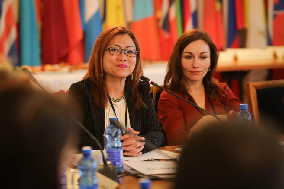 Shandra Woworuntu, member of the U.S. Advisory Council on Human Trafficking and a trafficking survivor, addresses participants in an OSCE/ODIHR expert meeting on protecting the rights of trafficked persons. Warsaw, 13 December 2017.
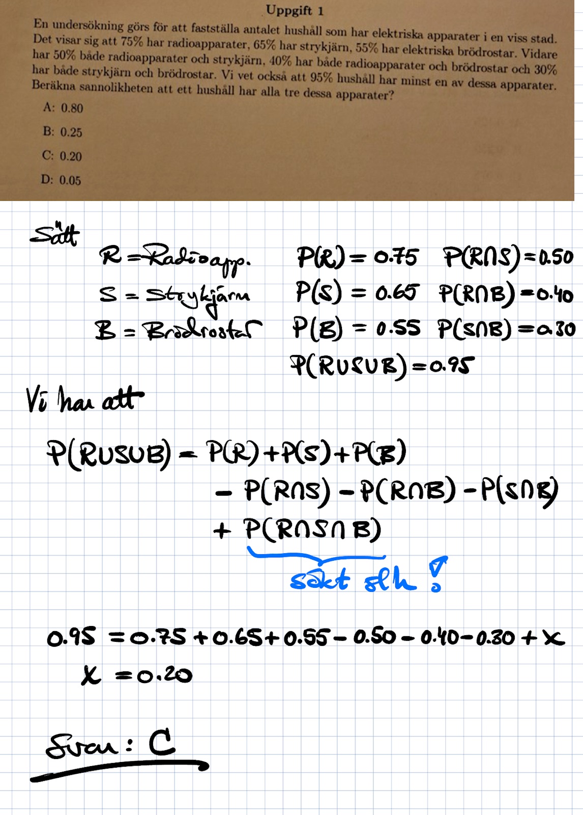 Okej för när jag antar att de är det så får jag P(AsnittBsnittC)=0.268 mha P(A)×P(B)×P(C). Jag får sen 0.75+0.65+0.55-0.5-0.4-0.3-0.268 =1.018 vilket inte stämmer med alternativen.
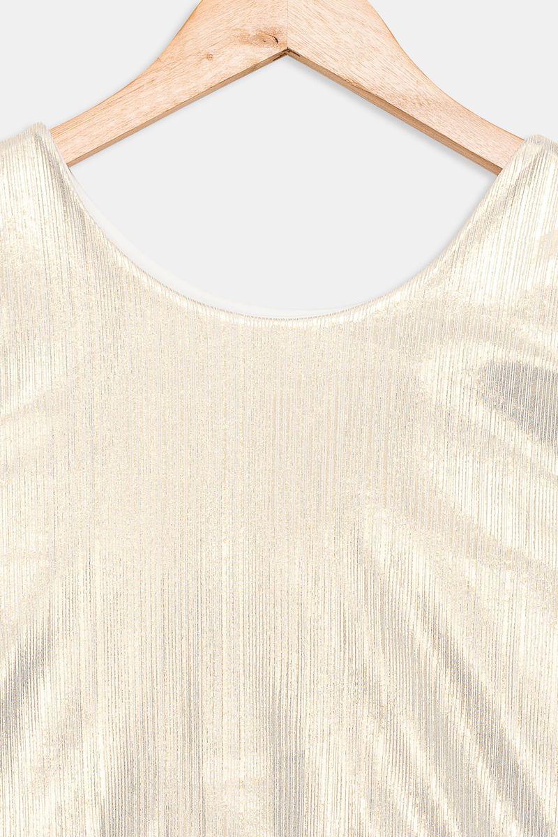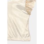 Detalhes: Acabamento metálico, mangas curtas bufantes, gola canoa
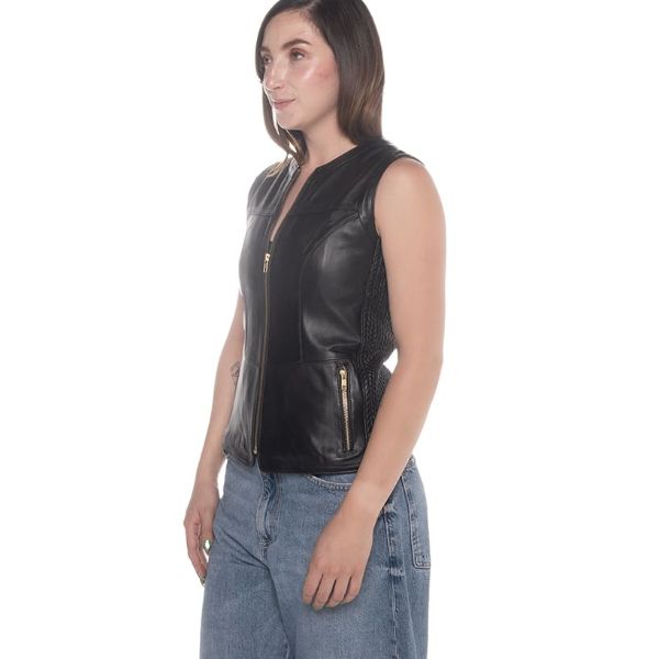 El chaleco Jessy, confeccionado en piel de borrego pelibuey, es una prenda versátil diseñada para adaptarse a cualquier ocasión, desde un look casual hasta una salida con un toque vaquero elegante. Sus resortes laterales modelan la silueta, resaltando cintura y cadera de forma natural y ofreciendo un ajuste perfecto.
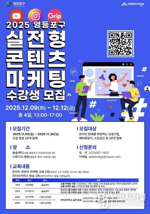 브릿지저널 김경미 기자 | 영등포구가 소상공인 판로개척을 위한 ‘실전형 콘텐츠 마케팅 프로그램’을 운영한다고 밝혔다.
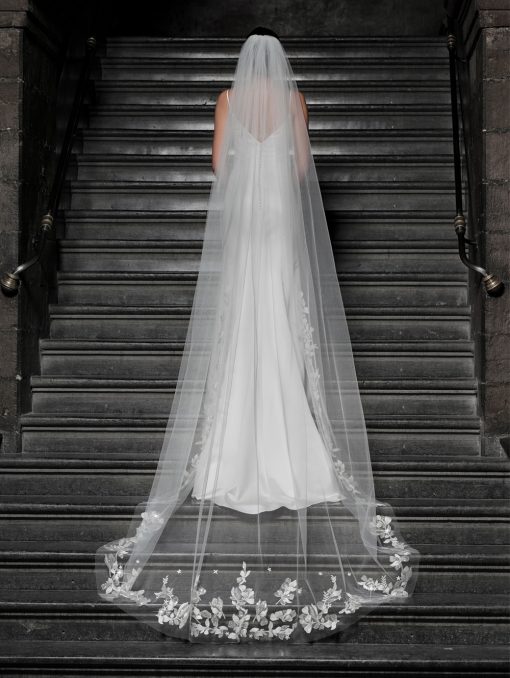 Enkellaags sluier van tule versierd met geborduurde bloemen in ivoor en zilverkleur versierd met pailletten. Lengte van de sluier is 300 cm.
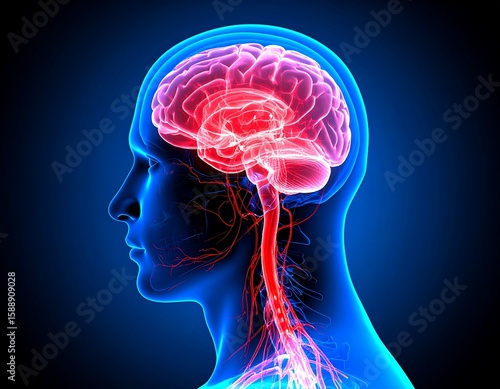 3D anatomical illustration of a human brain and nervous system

==

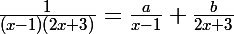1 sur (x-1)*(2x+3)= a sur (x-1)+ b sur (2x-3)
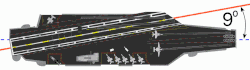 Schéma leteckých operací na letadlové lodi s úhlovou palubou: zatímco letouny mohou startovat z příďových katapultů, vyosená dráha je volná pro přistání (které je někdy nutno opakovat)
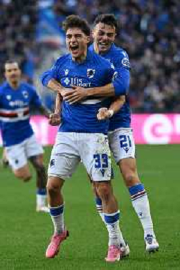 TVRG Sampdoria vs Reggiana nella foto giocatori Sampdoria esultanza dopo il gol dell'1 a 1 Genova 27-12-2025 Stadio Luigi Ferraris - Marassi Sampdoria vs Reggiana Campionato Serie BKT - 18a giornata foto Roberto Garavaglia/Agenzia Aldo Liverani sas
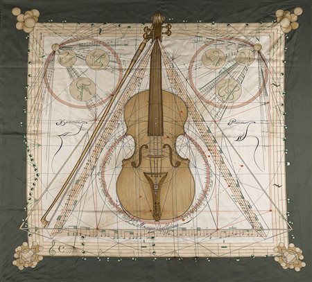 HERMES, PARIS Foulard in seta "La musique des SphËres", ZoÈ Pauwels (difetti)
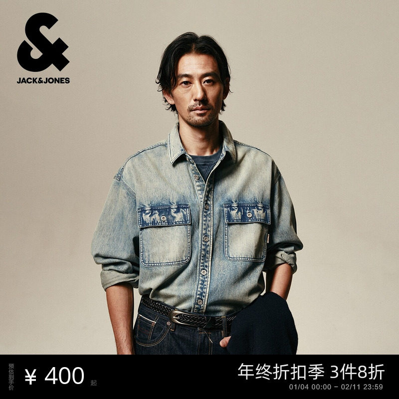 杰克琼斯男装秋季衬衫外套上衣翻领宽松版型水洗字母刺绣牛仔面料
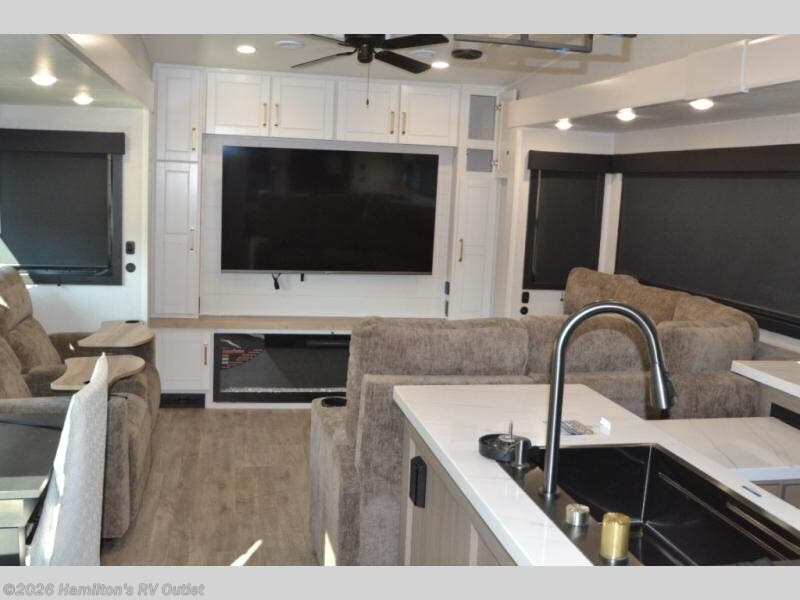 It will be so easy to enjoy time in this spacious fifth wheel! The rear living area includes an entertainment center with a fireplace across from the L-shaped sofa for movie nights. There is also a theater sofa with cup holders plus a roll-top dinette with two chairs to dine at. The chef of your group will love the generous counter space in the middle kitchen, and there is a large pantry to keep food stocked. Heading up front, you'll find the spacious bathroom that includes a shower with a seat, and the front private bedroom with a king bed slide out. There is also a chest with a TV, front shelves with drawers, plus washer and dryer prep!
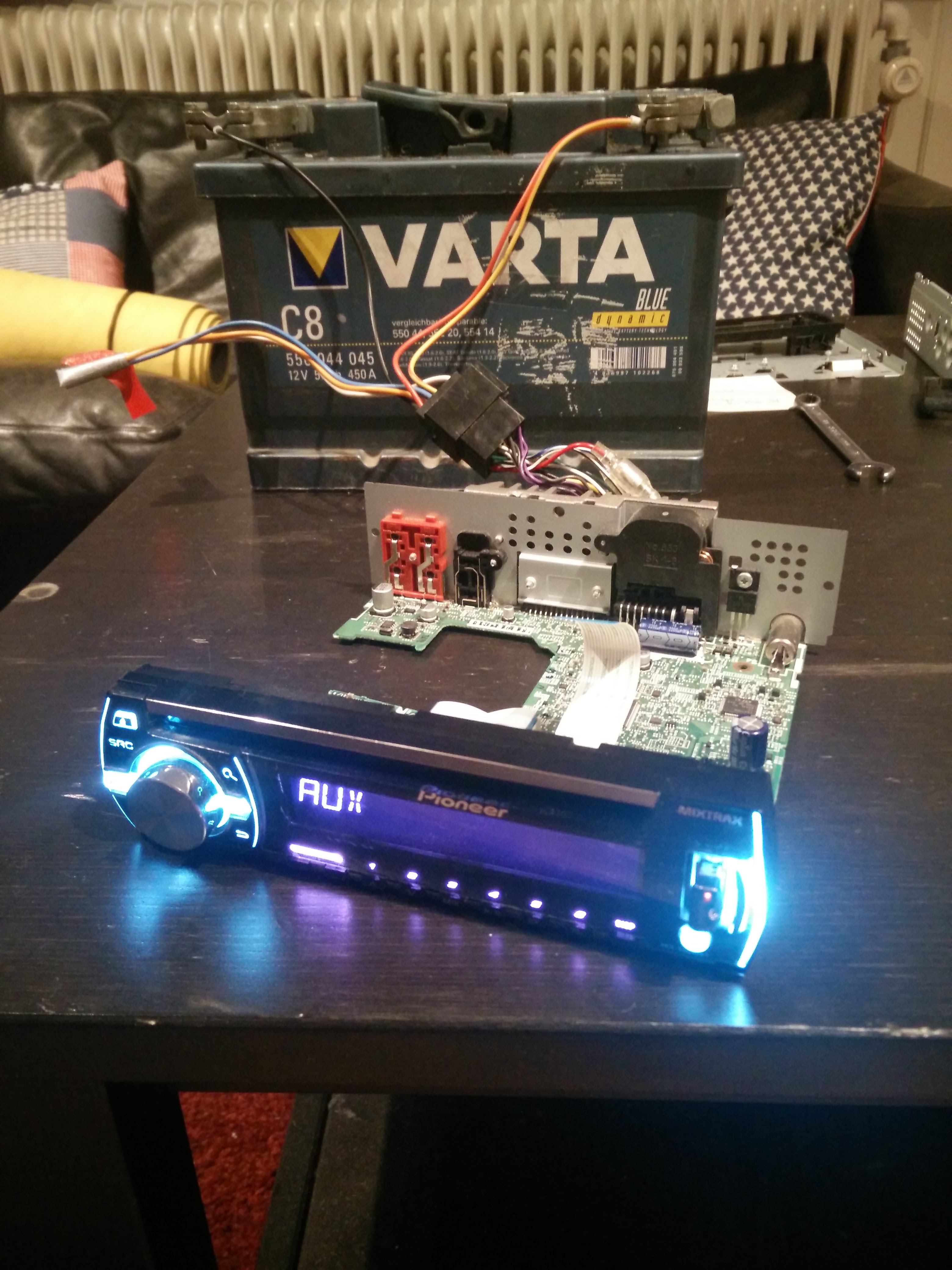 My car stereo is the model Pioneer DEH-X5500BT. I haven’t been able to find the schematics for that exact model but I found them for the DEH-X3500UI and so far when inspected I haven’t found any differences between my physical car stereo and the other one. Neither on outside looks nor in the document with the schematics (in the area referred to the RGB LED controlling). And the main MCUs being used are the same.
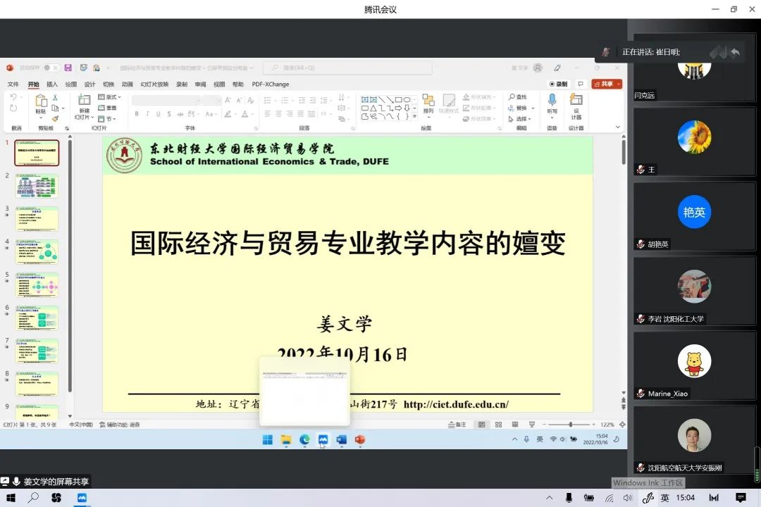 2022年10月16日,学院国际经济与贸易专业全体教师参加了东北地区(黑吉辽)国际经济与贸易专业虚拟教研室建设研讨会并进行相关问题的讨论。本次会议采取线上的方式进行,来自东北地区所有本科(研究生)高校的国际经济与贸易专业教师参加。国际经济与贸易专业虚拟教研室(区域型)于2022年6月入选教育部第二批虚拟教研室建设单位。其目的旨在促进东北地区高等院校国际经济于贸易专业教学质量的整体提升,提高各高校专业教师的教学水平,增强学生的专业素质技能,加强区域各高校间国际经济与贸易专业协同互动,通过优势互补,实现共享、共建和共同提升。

[EXERCISE REQUIREMENTS]
When copying from the data above, print only the lines from the line containing "Okej för när" to the line containing "Detalhes: Acabamento metálico, mangas", exactly, and leave the pictures out.

[ANSWER FOR THE TASK]
 Okej för när jag antar att de är det så får jag P(AsnittBsnittC)=0.268 mha P(A)×P(B)×P(C). Jag får sen 0.75+0.65+0.55-0.5-0.4-0.3-0.268 =1.018 vilket inte stämmer med alternativen.
 Detalhes: Acabamento metálico, mangas curtas bufantes, gola canoa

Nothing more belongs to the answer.